== STORED DATA ==

+--

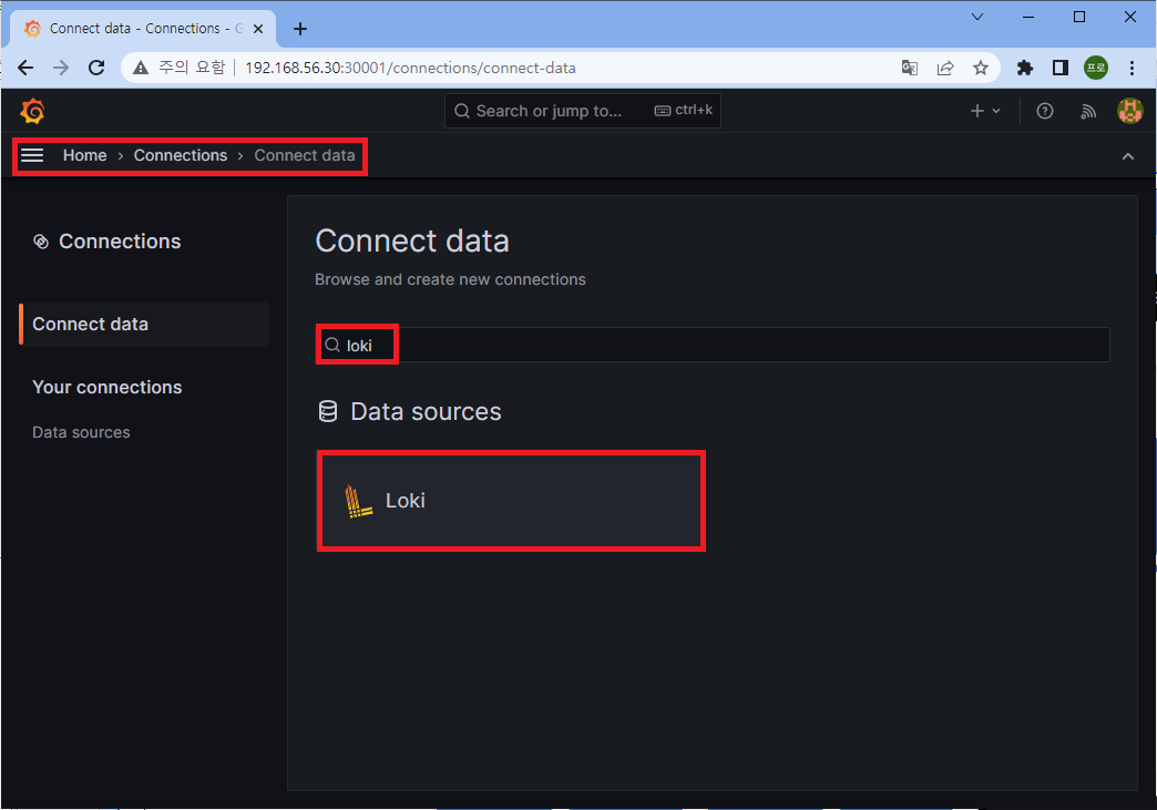 Home > Connections > Connect data 에 접속하여 검색창에 loki를 입력하여 선택한다.
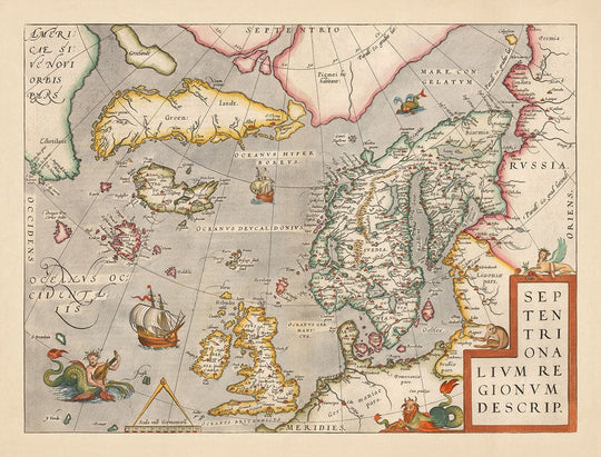Ancienne Carte de la mer du Nord et de l'Atlantique, 1575 avec mythique Frisland par Abraham Ortelius: Scandinavie, Îles Britanniques, Islande, Groenland
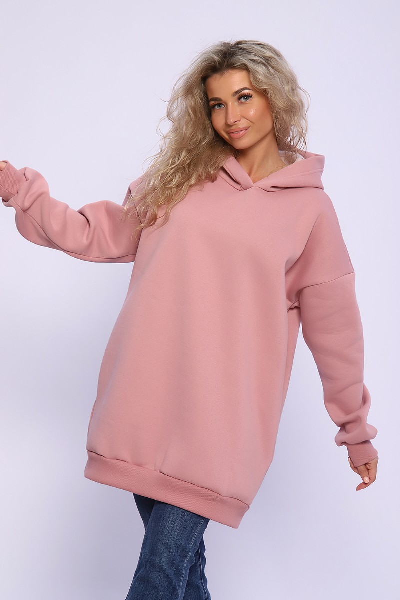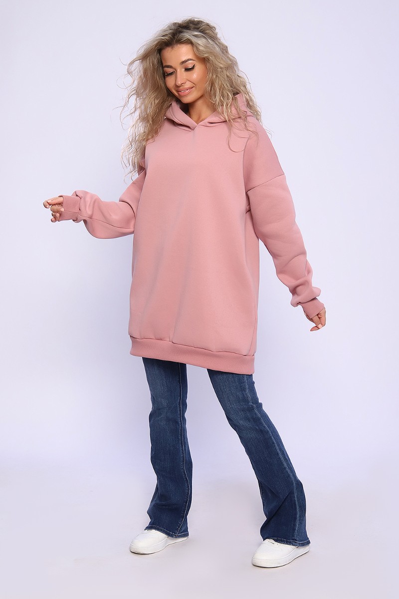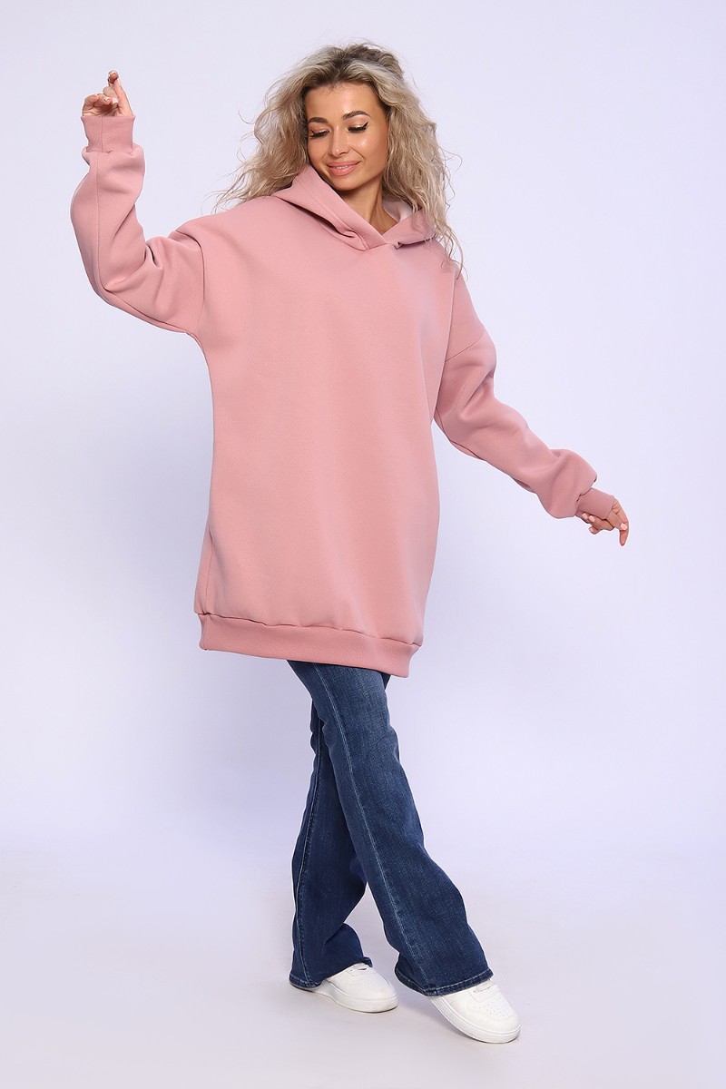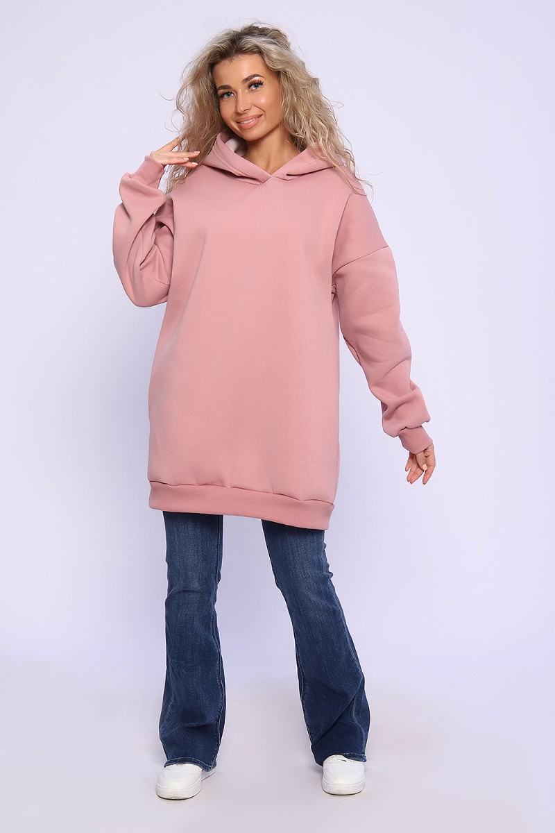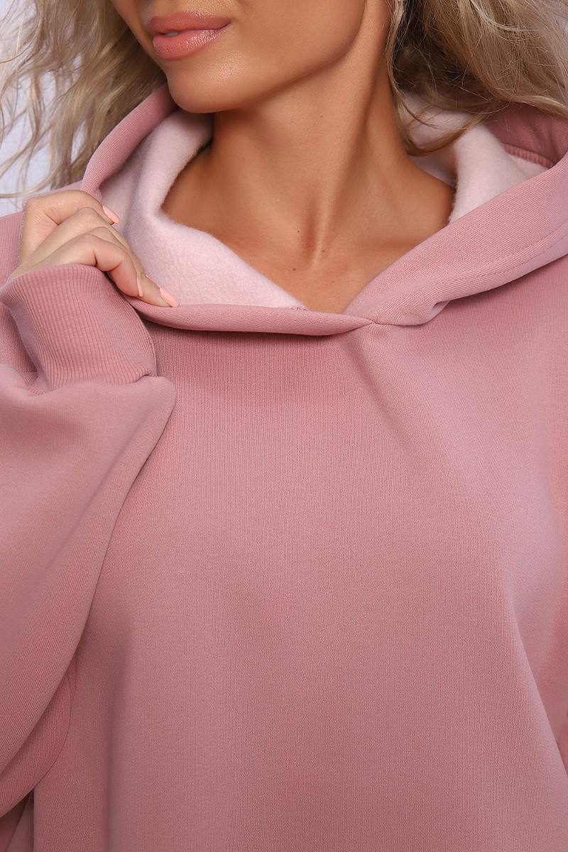 Худи женское №89328 футер 3-х нитка с начесом (последний размер) сухая роза 46,52
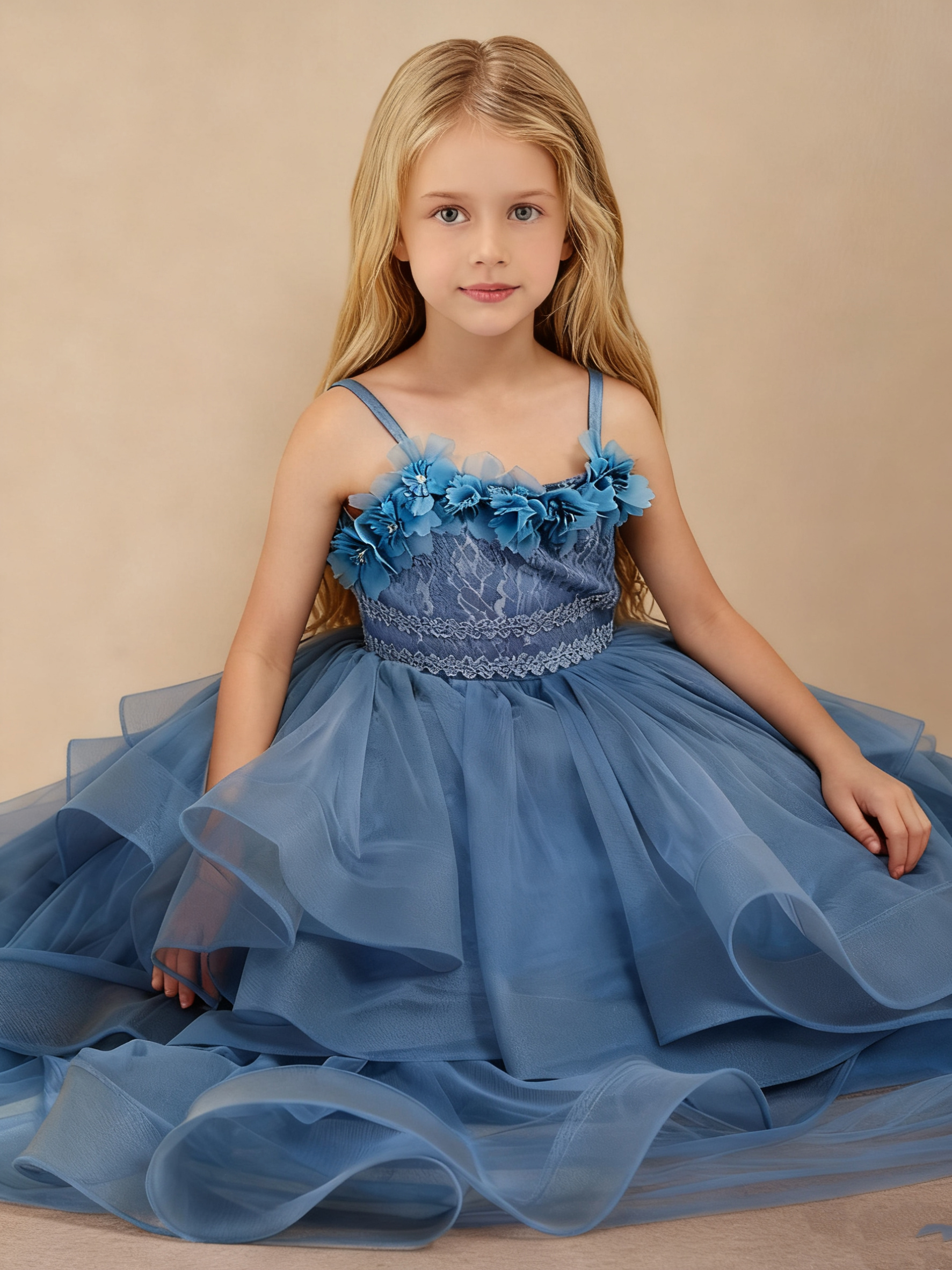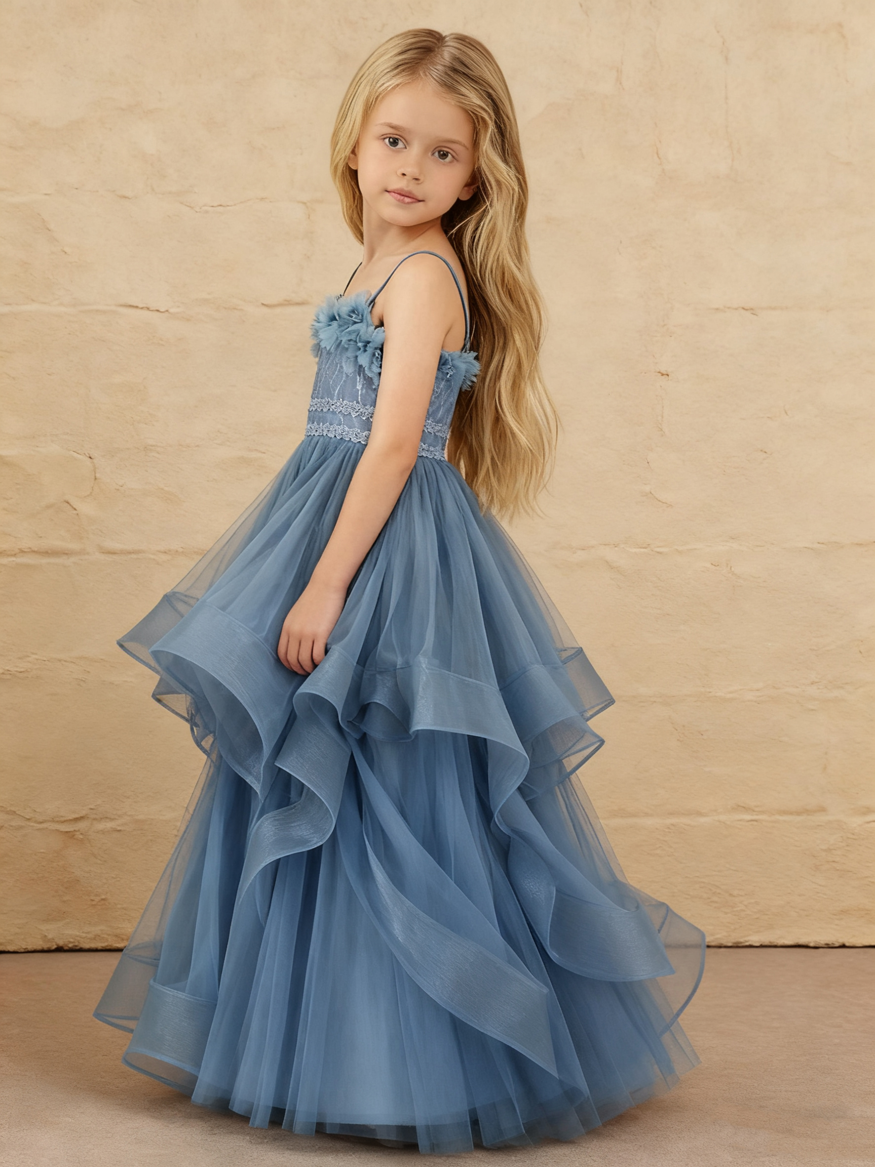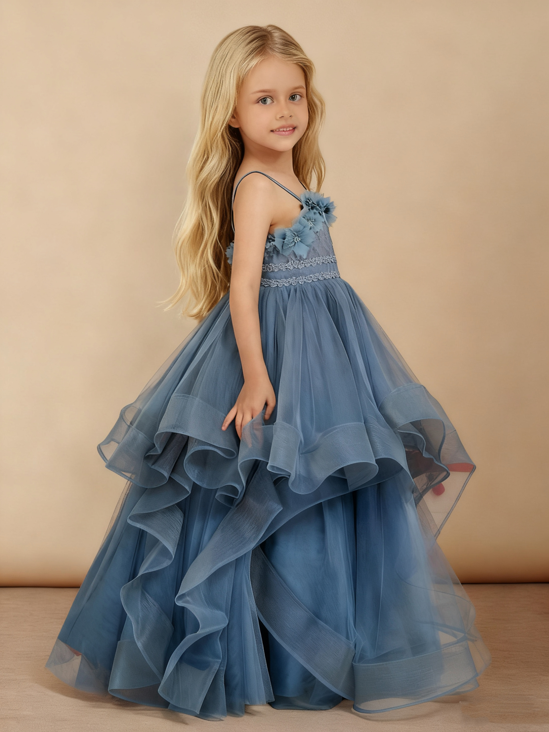 - Our Floral Applique Tiered Tulle Long Flower Girl Dress features a square neckline and a floor-length tiered tulle skirt. Adorned with floral and lace appliqués, this sleeveless ball gown includes a lace-up and zipper back for a perfect fit—ideal for any special occasion.

+--

== WHAT IS BEING ASKED ==
The material above holds pictures; leave them out and set down exactly the lines from the line with "Ancienne Carte de" to the line with "Худи женское №89328", both included.

== EXPECTED ANSWER ==
Ancienne Carte de la mer du Nord et de l'Atlantique, 1575 avec mythique Frisland par Abraham Ortelius: Scandinavie, Îles Britanniques, Islande, Groenland
 Худи женское №89328 футер 3-х нитка с начесом (последний размер) сухая роза 46,52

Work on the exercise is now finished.